Caroline Bock

creative nonfiction

Caroline Bock is the author of THE OTHER BEAUTIFUL PEOPLE, a workplace love story, inspired by her two-decade career at AMC, Bravo, IFC, and IFC Films (on sale June 2, 2026, Regal House Publishing). She is also the author of the young adult novels LIE and Before My Eyes, as well as the award-winning short story collection Carry Her Home. Her current work in progress is a hybrid shorts collection titled I Should Have Slept With Them All. She is the co-president/ prose editor at the Washington Writers’ Publishing House.

 

At Pickles Pub in Baltimore

Within the first fifteen minutes, I learn that you haven’t read a book in thirty years, but in the past three months, you’ve read three. All nonfiction—one I’ve recently read too, 1929. You’ve now read three books more than your son has ever read. Men in competition with their sons, I think: no good. You’re doing an afternoon walk-through with me. The big screens, bigger than I’ve ever seen, are all on, though the pub in all its iridescent yellow and purple is deserted. Baseball’s opening day is a month away; the cold scent of March rains knocks through, damp and beery, but you’re primed in a black-and-orange O’s jersey. I would’ve guessed you for a biker, in for a quick drink, not the pub manager—the bulk of you, the chest-long beard, the sideways glances with a kind of on-edge glee. Maybe you are just glad to talk about books, about economic history and collapse. I refocus us with an event detail: wasn’t there supposed to be a small stage? You assure me you can set up a literary reading tomorrow night. During the nation’s biggest gathering of writers, space is at a premium, or I wouldn’t be at his Pickles Pub. “You can handle poetry and short stories?” I query. “Yours?” you ask. “Mine, too,” and I give you my collection’s title: I Should Have Slept With Them All. And I can see that look—am I being serious with you? But I am. More about reading short versus long (1929 by Andrew Ross Sorkin is over 750 pages), where your daughter goes to college, that you never had a reading here, but always a first time, and I agree, a first for everything. Another fifteen minutes, done with logistics, your big arms pointing— the mic here, the bar food there—we‘re finished except you surprise me again by asking, “Too soon for a hug?” Half an hour, a hug? In your arms, I silently swear, I should sleep with you now.

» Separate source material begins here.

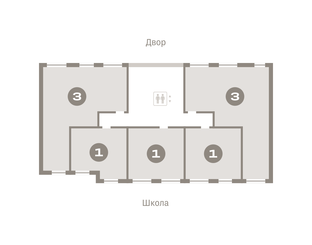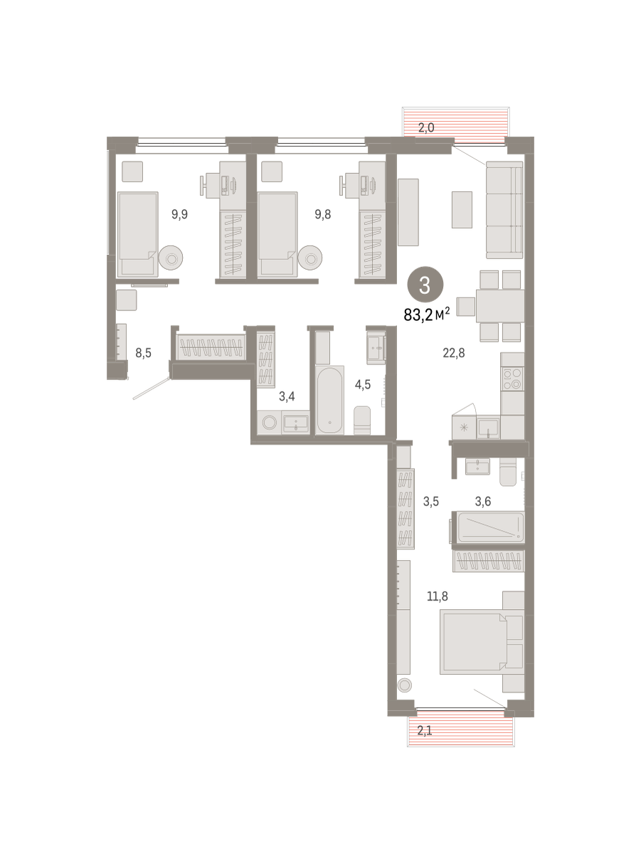 Квартира с кухней-гостиной и тремя спальнями в Бруснике в Академическом. Особенности планировки: второй санузел, гардеробная, вид во двор, разнесённые спальни, предчистовая отделка, мастер-спальня, постирочная, балкон.
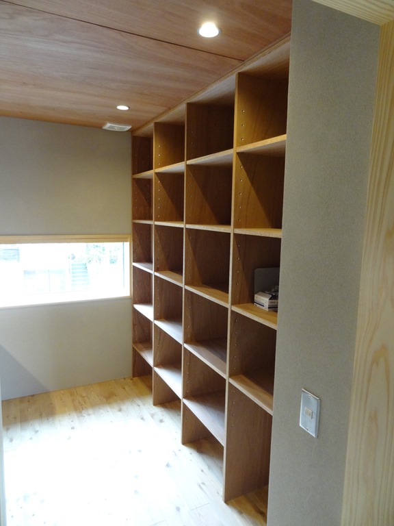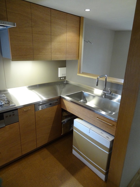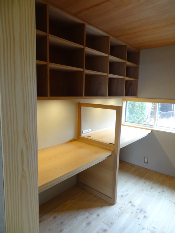 階段と壁が仕上がる前に天板のみ搬入し後日下台家具の設置

You walk me out of the pub, talking, mostly about books, the three you’ve read, the others you’d like to read, some would call you a raconteur, others a blowhard, a big talker. Those words that cascade over that rough beard, over that barrel-chest, are finally about a wife, as if that should be a warning or a coda to me. You don’t know that tell only makes you more appealing. I’m glad you have a spouse (I wish upon you a long and happy marriage). Your words are our forty-five-minute courtship. You want someone to listen to you, and I’m listening now. My skin bristles, though that might be the wind whipping rain over the Inner Harbor, or it might be that the words that bend me near your Orioles jersey also keep the chaos of the world at bay. Outside, it’s pickles-green against us on the building’s walls, making a statement. On the sidewalk, you take a breath. I once was at a sermon where it was said that G-d’s first breath started the universe. Then all the rest, all the words. Not that you, the manager of Pickles Pub, are god-like. Far from it. Though after about an hour, I feel like I’ve known you all my life. With all your words, you're earning yourself a place in those whipsaw what-if prayerful wild moments I hold close before sleep, that, I pray, will seed the moments before my last breath.

I am writing this series of linked micros—some more fiction than nonfiction—entitled I Should Have Slept With Them All, and this chance meeting, which truly happened during AWP this past March, felt like a gift. The reading, the next night, was pretty great too.